- EXERCISE PROMPT -
Reproduce, exactly, the lines of the material below from the line containing "この春注目のワイドタックパン" through the line containing "②突出陳列原則:高價煙居中,高利潤居中,重點煙居中", with both end lines included and nothing else.

- RECORDED DATA -
.....
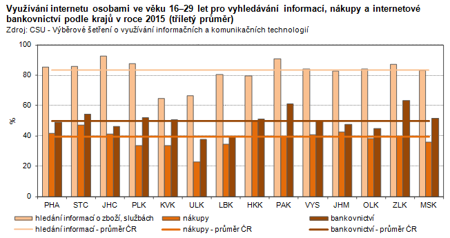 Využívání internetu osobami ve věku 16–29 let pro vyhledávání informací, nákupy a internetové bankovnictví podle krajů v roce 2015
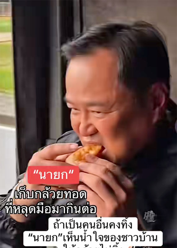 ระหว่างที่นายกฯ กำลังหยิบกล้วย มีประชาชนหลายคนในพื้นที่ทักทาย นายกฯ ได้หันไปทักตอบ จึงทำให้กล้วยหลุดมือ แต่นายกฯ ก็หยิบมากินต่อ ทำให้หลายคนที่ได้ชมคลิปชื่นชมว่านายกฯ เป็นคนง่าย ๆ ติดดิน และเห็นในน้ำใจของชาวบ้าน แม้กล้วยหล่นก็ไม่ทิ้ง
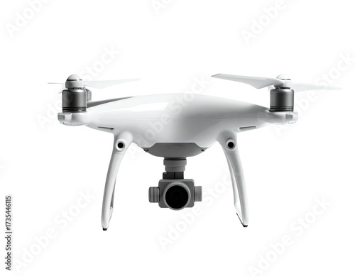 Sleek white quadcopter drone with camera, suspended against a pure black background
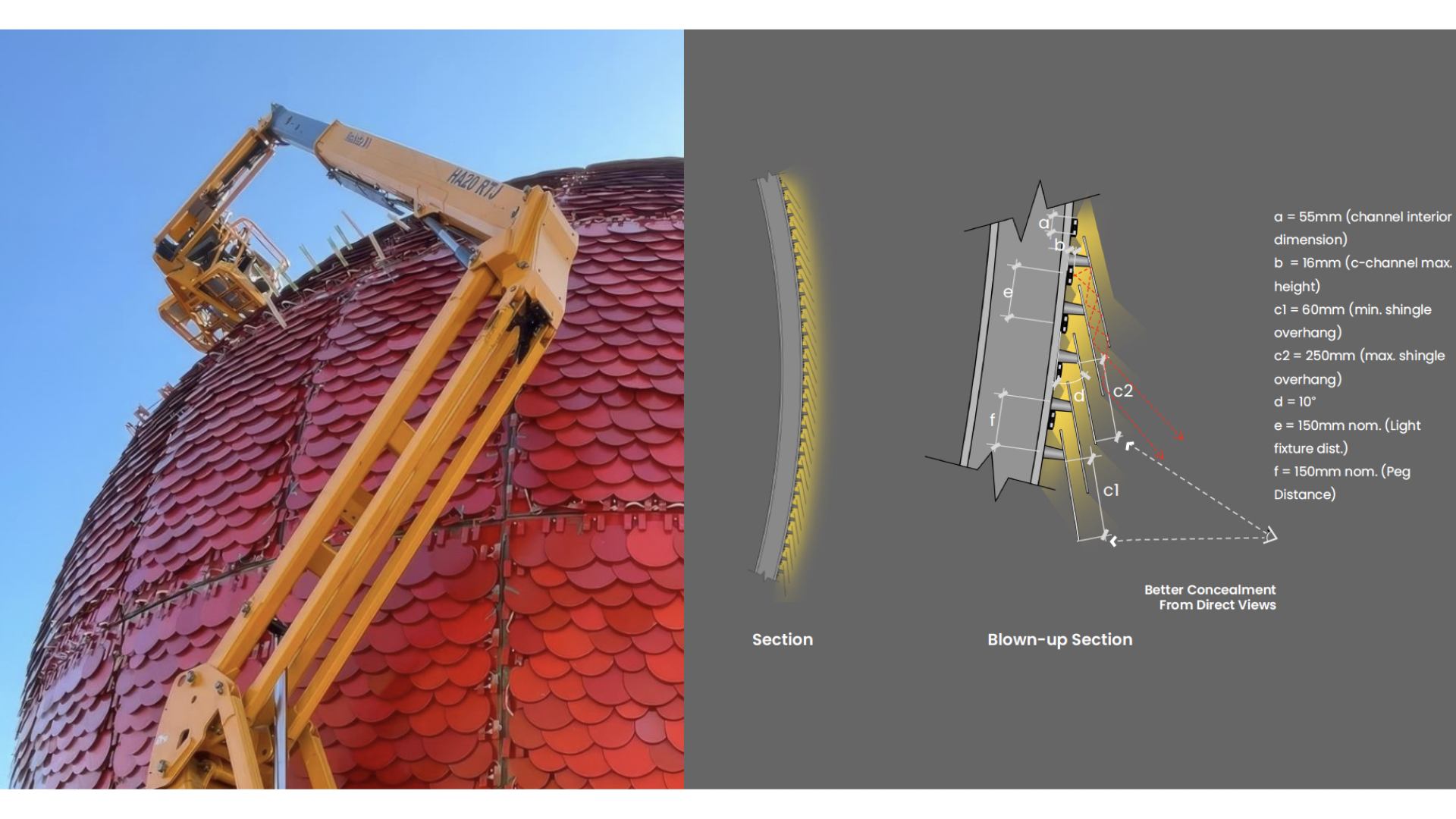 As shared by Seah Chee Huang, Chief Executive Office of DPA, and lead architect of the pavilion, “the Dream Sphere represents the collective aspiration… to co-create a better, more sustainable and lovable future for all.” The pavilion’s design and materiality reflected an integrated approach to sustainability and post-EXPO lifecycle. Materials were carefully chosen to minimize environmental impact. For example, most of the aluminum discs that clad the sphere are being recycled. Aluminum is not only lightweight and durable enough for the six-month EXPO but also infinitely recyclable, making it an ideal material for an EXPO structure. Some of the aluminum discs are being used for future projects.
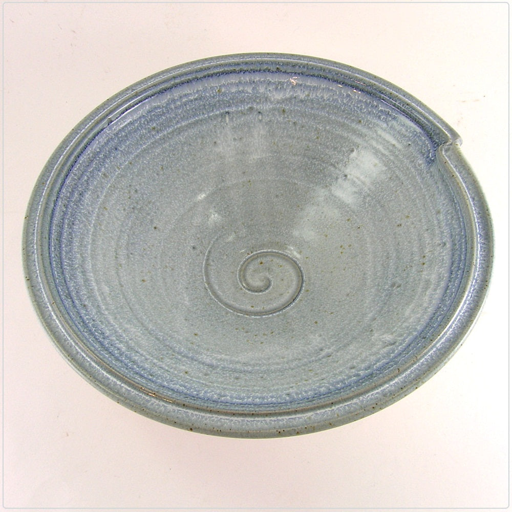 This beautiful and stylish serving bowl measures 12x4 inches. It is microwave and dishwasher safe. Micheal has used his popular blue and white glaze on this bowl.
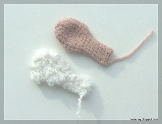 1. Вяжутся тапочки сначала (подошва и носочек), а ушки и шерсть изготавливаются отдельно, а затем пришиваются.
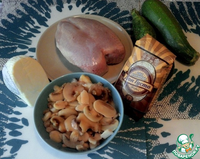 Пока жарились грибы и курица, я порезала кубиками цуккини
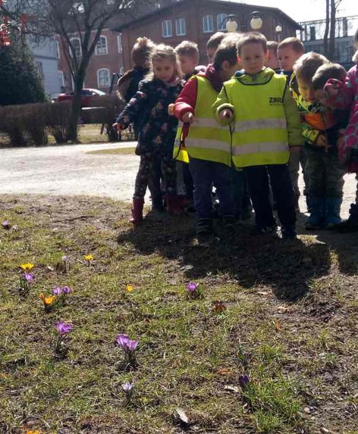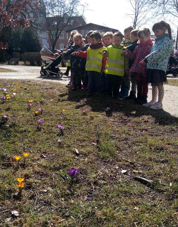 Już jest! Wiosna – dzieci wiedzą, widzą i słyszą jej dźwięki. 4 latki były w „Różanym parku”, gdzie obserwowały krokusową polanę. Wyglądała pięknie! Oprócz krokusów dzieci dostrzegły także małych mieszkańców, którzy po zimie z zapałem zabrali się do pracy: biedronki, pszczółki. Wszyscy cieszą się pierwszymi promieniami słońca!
.....
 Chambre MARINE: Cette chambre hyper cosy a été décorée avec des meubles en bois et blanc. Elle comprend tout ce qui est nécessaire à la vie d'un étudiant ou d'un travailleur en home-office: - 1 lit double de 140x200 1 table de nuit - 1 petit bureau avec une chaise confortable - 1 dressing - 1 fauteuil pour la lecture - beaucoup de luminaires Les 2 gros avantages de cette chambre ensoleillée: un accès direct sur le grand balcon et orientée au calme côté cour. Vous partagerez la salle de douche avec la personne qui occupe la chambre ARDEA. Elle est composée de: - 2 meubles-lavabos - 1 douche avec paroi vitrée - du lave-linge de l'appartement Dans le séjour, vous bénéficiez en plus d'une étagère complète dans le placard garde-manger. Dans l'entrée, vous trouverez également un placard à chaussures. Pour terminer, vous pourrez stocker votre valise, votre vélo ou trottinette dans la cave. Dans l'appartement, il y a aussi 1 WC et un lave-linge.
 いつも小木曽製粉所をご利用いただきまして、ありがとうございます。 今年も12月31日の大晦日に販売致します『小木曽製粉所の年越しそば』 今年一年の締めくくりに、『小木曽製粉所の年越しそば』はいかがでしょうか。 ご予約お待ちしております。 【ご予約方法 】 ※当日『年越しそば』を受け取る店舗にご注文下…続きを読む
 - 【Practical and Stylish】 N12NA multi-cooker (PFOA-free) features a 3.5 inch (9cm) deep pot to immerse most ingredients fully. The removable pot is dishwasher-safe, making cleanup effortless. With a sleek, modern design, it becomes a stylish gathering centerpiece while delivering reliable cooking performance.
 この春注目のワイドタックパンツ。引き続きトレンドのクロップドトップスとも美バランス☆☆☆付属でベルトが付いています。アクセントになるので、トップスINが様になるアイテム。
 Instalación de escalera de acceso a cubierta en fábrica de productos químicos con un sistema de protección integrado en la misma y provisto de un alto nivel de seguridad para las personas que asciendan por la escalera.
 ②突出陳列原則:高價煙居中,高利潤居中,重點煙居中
.....
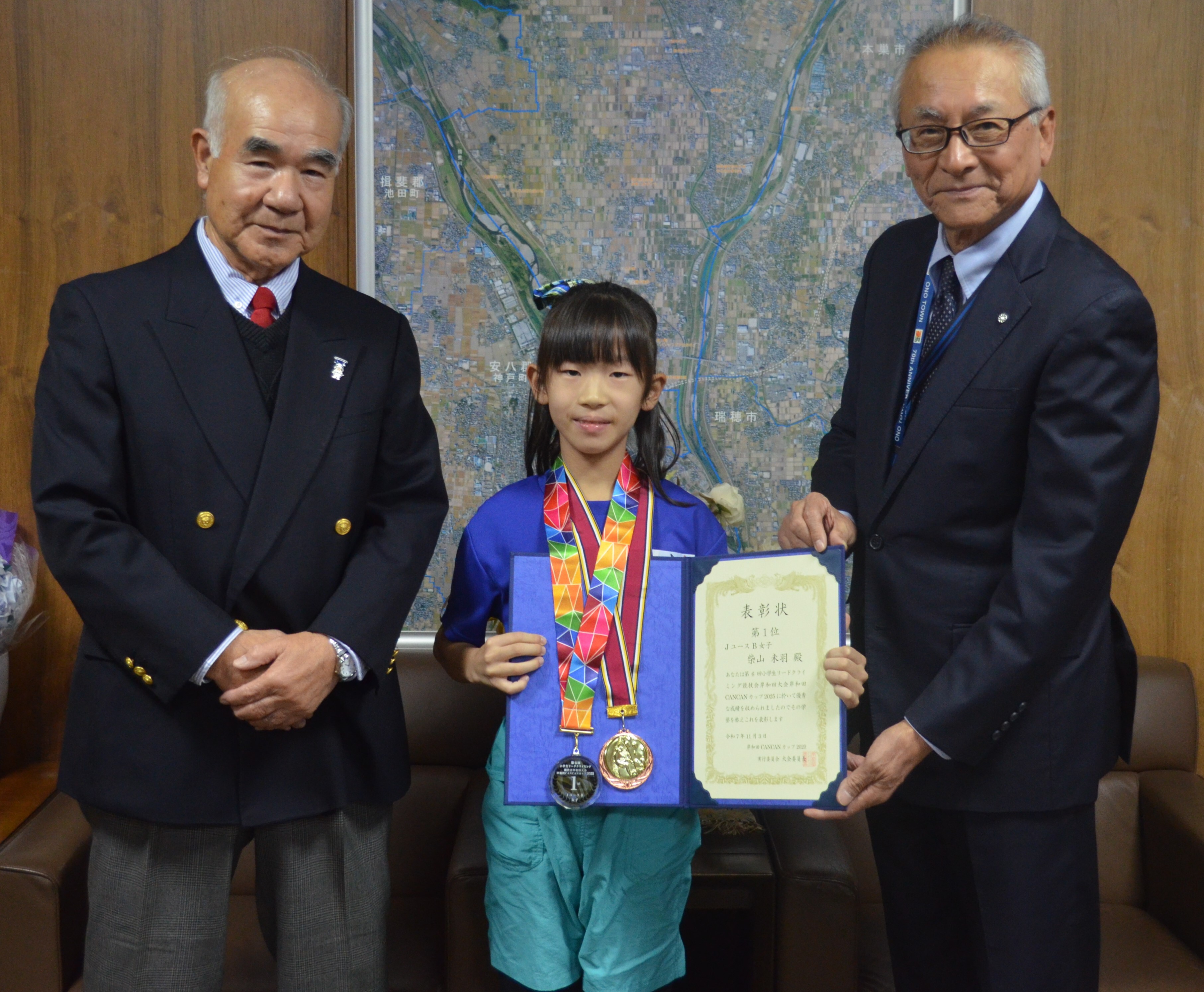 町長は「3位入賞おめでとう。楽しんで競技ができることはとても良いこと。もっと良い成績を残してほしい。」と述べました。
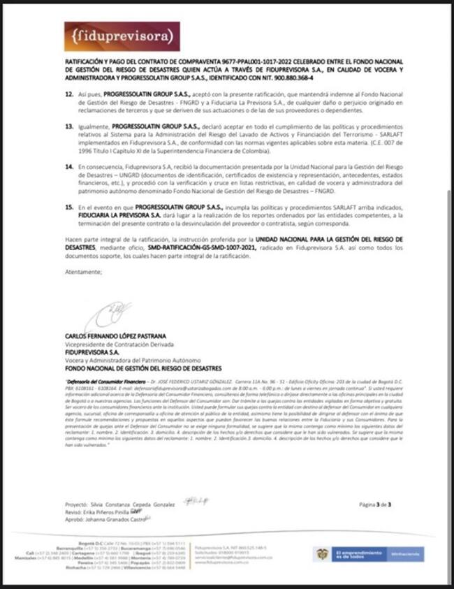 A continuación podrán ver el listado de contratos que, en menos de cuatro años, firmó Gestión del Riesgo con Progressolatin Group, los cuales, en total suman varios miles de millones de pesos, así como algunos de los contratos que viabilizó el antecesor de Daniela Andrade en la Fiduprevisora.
.....
- SOLUTION FOR THIS TASK -
 この春注目のワイドタックパンツ。引き続きトレンドのクロップドトップスとも美バランス☆☆☆付属でベルトが付いています。アクセントになるので、トップスINが様になるアイテム。
 Instalación de escalera de acceso a cubierta en fábrica de productos químicos con un sistema de protección integrado en la misma y provisto de un alto nivel de seguridad para las personas que asciendan por la escalera.
 ②突出陳列原則:高價煙居中,高利潤居中,重點煙居中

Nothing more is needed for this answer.